# I went to court



## veron (Apr 29, 2009)

Long story short, I sued someone, and my date in court was coming up... my biggest worry was that I would blush, tremble, or otherwise appear nervous when it was my turn to speak. At work we have these daily stand up meetings where we each take turns talking about what we did for the day. It's a nightmare and something I dread every day. 

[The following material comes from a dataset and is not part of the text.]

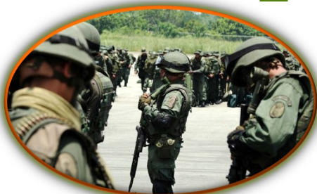
FANB confirma bajas y detenidos en “cruentos combates” en Apure

FundaRedes mantiene un monitoreo constante en seis estados fronterizos de Venezuela (Falcón, Zulia, Táchira, Apure, Bolívar y Amazonas) lo que, en conjunto con el seguimiento a informaciones de carácter nacional, permite a la organización generar análisis sobre los posibles escenarios a desarrollarse en diversos ámbitos. Así, en nuestro informe de contexto de febrero, se advertía ya lo que en marzo se ha consolidado como una de las más importantes situaciones fronterizas de los últimos años, las confrontaciones directas y sostenidas entre las Fuerzas Armadas venezolanas y una facción de las disidencias de las Farc. Comprender a detalle estos hechos obliga a una mirada profunda en ámbitos como el sistema político y democrático que por mandato de la Constitución debe imperar en el país, pero contrariamente ha sido sustituido por un autoritarismo que socava las libertades civiles; la emergencia humanitaria compleja que afecta a todos los sectores de la vida económica y social; la relación de Venezuela con sus vecinos; la violencia que se vive en comunidades urbanas y rurales; los desplazamientos humanos tanto en procesos de migración interna, como la migración forzada allende nuestras fronteras; e incluso, la voraz afectación al medio ambiente.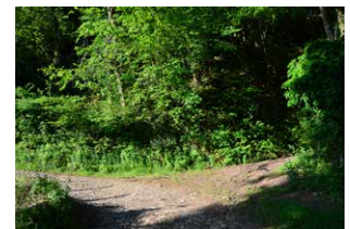
6. Ezkerreko bidea

Anyhow, yesterday was my day in court. I made an effort to dress nice (lol) and sit up straight. It was only the judge, court stenographer, defendant, public prosecutor, and myself there. When it was my turn to speak, I tried to focus completely on what I was saying and not think about people watching me, my face, or other things that usually make me nervous. And it turned out really great. I said everything I was planning to and I don't think I even blushed. This was such a triumph for me, as public speaking is one of my biggest fears (probably up there with the fear of sharks). Now if only I could try to perform the same way during those work meetings...


----------



## aqwsderf (Aug 16, 2013)

That's huge. Especially in such an intense scenario. Congrats 🙂


----------



## irishkarl (Apr 20, 2020)

congratulations veron....i know how tough public speaking is.....im awful at it


----------



## Kevin001 (Jan 2, 2015)

Congrats, I couldn't imagine.


----------



## twitchy666 (Apr 21, 2013)

*i WANT. I NEED!! wot's my Destiny?*

all my life

resolve all the poke, taunts

BY PAPER!!! thru my letterflap

abuse relentless

On Her Majesty's Service, seriously
The RESIDENT {specified address}

YOU & YOUT NAME YOUR ADDRESSS

HOW MANY PEOPLE LIVE THERE????????

SMS

EMAIL

all my life

bullied at supermarkets

worst by phone, recruiters, that's all over

i feel accused of all crimes, all my life

tax refunds..

what's real or fake? all is fake. every job. 32. nothing lasts.

only thing that lasts is onslaughts about all the deepest forensic credentials about all of me repeated, all lifelong forever.

how many addresses, when? when? how many? when, again & again. how many live there??? every time i answer there's more sent to me over & over:crying:


----------



## FloridaGuy48 (Jun 30, 2014)

veron said:


> Long story short, I sued someone, and my date in court was coming up... my biggest worry was that I would blush, tremble, or otherwise appear nervous when it was my turn to speak. At work we have these daily stand up meetings where we each take turns talking about what we did for the day. It's a nightmare and something I dread every day.
> 
> Anyhow, yesterday was my day in court. I made an effort to dress nice (lol) and sit up straight. It was only the judge, court stenographer, defendant, public prosecutor, and myself there. When it was my turn to speak, I tried to focus completely on what I was saying and not think about people watching me, my face, or other things that usually make me nervous. And it turned out really great. I said everything I was planning to and I don't think I even blushed. This was such a triumph for me, as public speaking is one of my biggest fears (probably up there with the fear of sharks). Now if only I could try to perform the same way during those work meetings...


Hope you won your court case and got the amount of money you wanted?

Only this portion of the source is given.